Nie ma różnicy między terminem śatan a diabolos, tyle że oba oznaczają
przywódcę, a reszta jest nazywana „demonami”; nie jest poprawna liczba
mnoga: szatani, diabły. 3° B e l ze b u b – w trzech brzmieniach: Beelezebub,
Beelzebul i Beeze-bul – pochodzi z upodobnienia do Baal-Zebub - pan ofiar
bałwochwalczych, pan much (?), pan gnoju (?); Baal to bóstwo z dodaniem
określenia miejsca (np. 2 Krl 1, 2-6.16); faryzeusze tak nazywali księcia złych
duchów (Mk 3, 22 par.; Mt 10, 15; 12, 24.27), czyli szatana. 4° Lucyfer (gr.
Phosphoros, łac. Lucifer - niosący światło, jutrzenka) – stara nazwa gwiazdy
porannej, Wulgata tak przetłumaczyła hebr. hele! benszahar – Jaśniejący,
Syn Jutrzenki: „Jakże to spadłeś z niebios, Jaśniejący, Synu Jutrzenki?” (Iz
14, 12); wcielający się w jakiegoś króla Babilonu, miasta „antyboskiego”,
wrogiego Izraelowi, także król bezbożnego Tyru (Ez 28, 11-19) i inni
symbolizujący największe zło. Ma to być szatan, wódz zbuntowanych
aniołów, „spadający z nieba do szeolu” (Iz 14, 15), „pierworodny stworzenia
światła”, lecz obalony z nieba do piekieł z powodu pychy (2 P 2, 4; Jud 6; Ap
9, 1; 12, 8-10); „Pierworodny światłości” stał się „Pierworodnym ciemności”
(por. Rdz 1, 3-4), czyli szatanem (Orygenes, Tertulian, Euzebiusz z Cezarei).

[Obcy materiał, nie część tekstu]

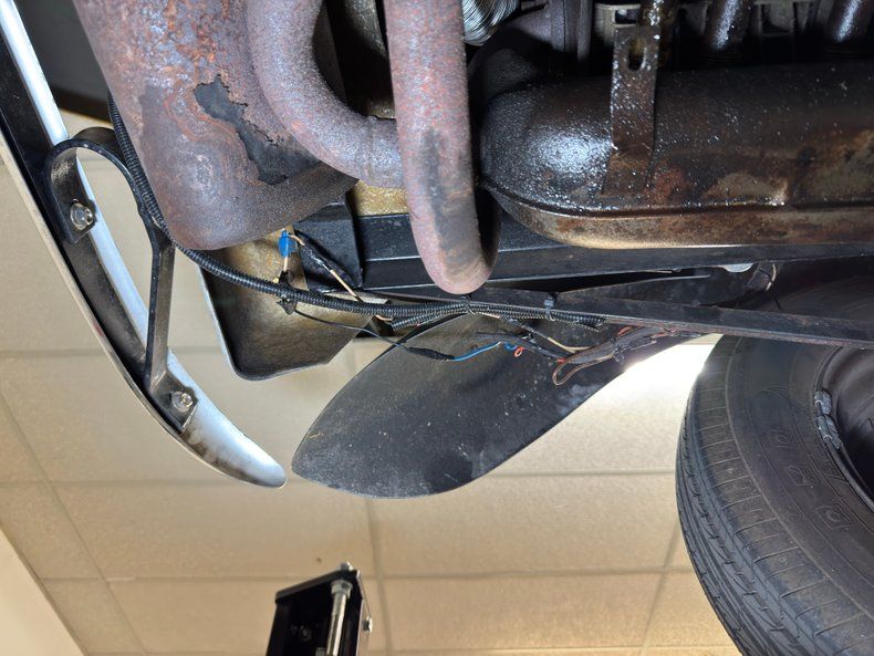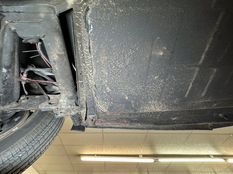 Generally clean with minimal surface rust and clear knuckles, we do note some residual oil on the right side of the engine, around the exhaust manifold and surrounding area. Belly pans cover most of the underside and lack any invasive rust but do show some seam separation on the passenger side. The dual exhaust runs into stock style mufflers and the tailpipes have broken off one side, so the twin tips we see would actually be four if not for the missing side. Drum brakes are employed at all four wheels and suspension consists of transverse torsion bars up front and torsion bars with semi trailing arms in back.

5° Demon (łac. Daemonium) – z gr. daimon (od wedyjskiego deva, perskiego
daiva – istota jaśniejąca) - istota wyższa od ludzi, ale niższa od Boga i
potrzebująca wyzwolenia; Septuaginta i Nowy Testament używają przeważnie
daimonion, „demonowy” – przymiotnik rzeczownikowy od daimon, a niekiedy
mataion – „bezużyteczny”. W Biblii „demony” występują przeważnie jako
istoty złowrogie człowiekowi. Poza Biblią znano demony dobre i złe lub
kosmiczne i personalistyczne; w okresie judaistycznym zidentyfikowano
demony z duchami złymi (Tb 6, 8). 6° Nazwy pol sk ie - nie są również
precyzyjne, ale za to bardziej liczne. Opierają się przeważnie na tradycji
chrześcijańskiej: szatan, diabeł, Belzebub, Lucyfer, demon, czart (rzucający
czary, przeklęty), Zły, kaduk (zwodziciel), licho, bies, Kusy, zły duch,
kuternoga, paskudnik, piekielnik, Kudłacz, Kosmaty i inne. Wielość tych
nazw świadczy o ogromnej wrażliwości na zło. Poza tym w
pozachrześcijańskim widzeniu świata uzyskiwały ogromną przewagę złe
duchy, demony i pesymizm” /Tamże, s. 466.